There are some systems tools written by our systems staff available
- qshow: this command shows the load on each compute node that your job is using. It shows and optionally kills user processes on remote nodes or execute commands.
- qfree: this commands shows how the nodes in a cluster are allocated and shows system usage.
More detailed information on the Torque PBS commands and Moab to schedule and monitor jobs can be found at Cluster Resources on-line Documentations.
Return to top of page
Queue limits and descriptions
There are currently four queues on Queen Bee: workq, checkpt, preempt, and priority.
| workq | default, for non-preemptable parallel jobs | |||
| checkpt | preemptable, for parallel jobs that can be checkpointed | |||
| preempt | | for urgent parallel jobs that will preempt jobs in checkpt queue, requires special permission | | ||
| priority | for on-demand parallel jobs that will have higher priority, requires special permission |
At any given time, users may run up to 8 jobs at once, consuming a maximum of 384 total nodes. Additional user limits may be enforced as well. Please contact us at sys-help@loni.org for more information on user limits or special requests.
Return to top of page
Job queuing priority
The queuing system schedules jobs based on the job priority which takes into account several factors. Jobs with a higher job priority are scheduled ahead of jobs with a lower priority. Also it has a backfill capability when scheduling jobs that are short in duration or require a small number of nodes. That is the scheduler schedules small jobs while waiting for the start time of any large job requiring many nodes.

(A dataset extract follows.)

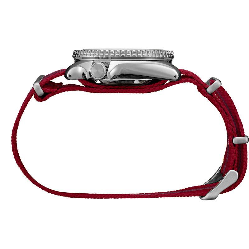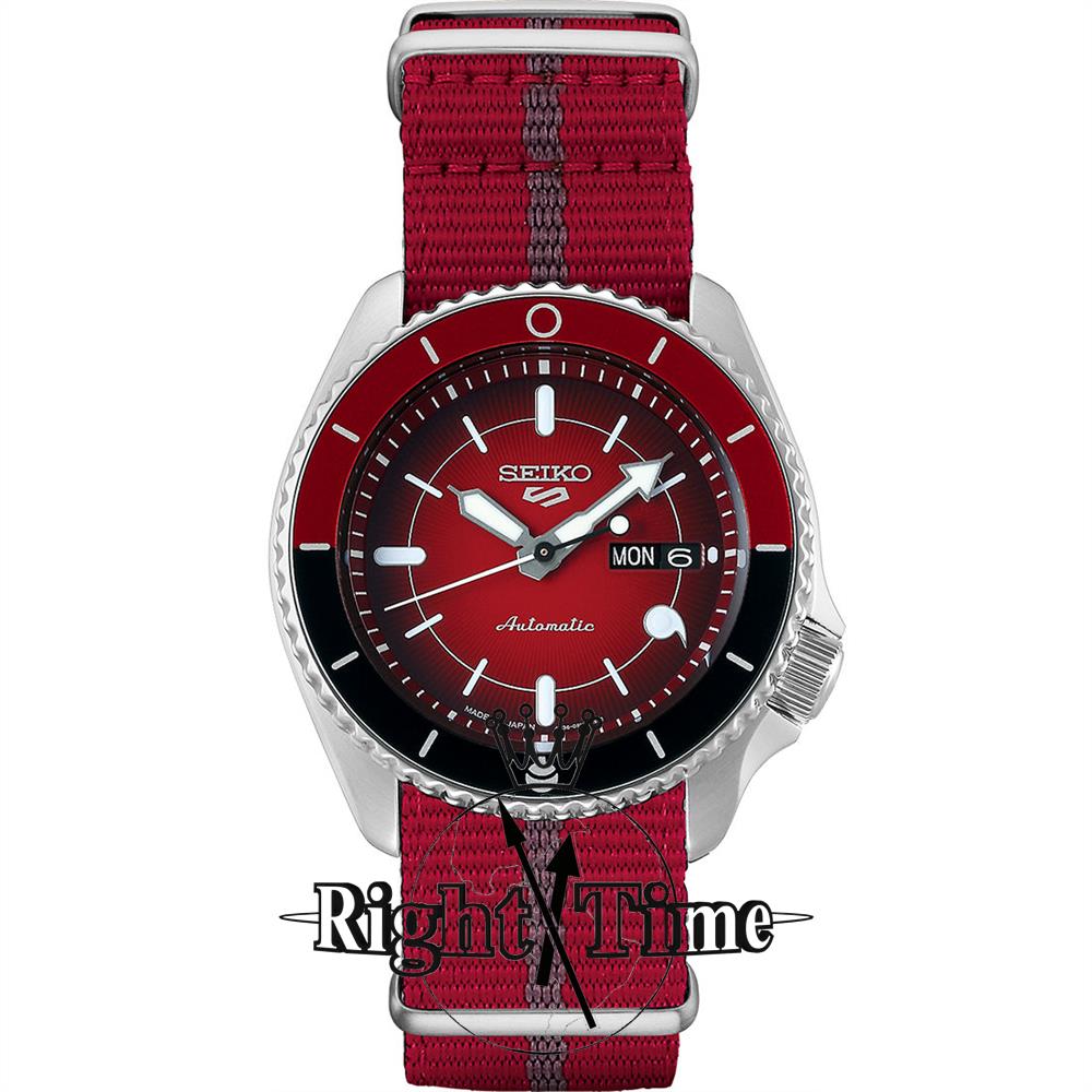 Seiko 5 SBSA089 sports wrist watch. Limited edition of 6,500 pieces. 100m water resistant, powered by SEIKO 24 jewels 4R36 Japanese Automatic movement with Day/Date calendar. Stainless steel case with uni-directional rotating red/black insert 0-60 bezel and red nylon strap. Red color dial with Lumibrite hands and markers.

In determining which jobs to run first, Moab is using the following formula to calculate the Job priority:
Job priority = credential priority + fairshare priority + resource priority + service priority
(1) Credential Priority Subcomponent:
credential priority = credweight * (userweight * job.user.priority) credential priority = 100 * (10 * 100) = 100000 ( a constant )
(2) Fairshare Priority Subcomponent:
fairshare priority = fsweight * min (fscap, (fsuserweight * DeltaUserFSUsage)) fairshare priority = 100 * (10 * DeltaUserFSUsage)
A user's fair share usage is the sum of seven days of used daily processor seconds times daily decay factor divided by the sum of seven days of daily total processor seconds used times the daily decay factor. The decay factor is 0.9. DeltaUserFSUsage is the fair share target percent for each user (20 percent) minus the the calculated fair share usage percent.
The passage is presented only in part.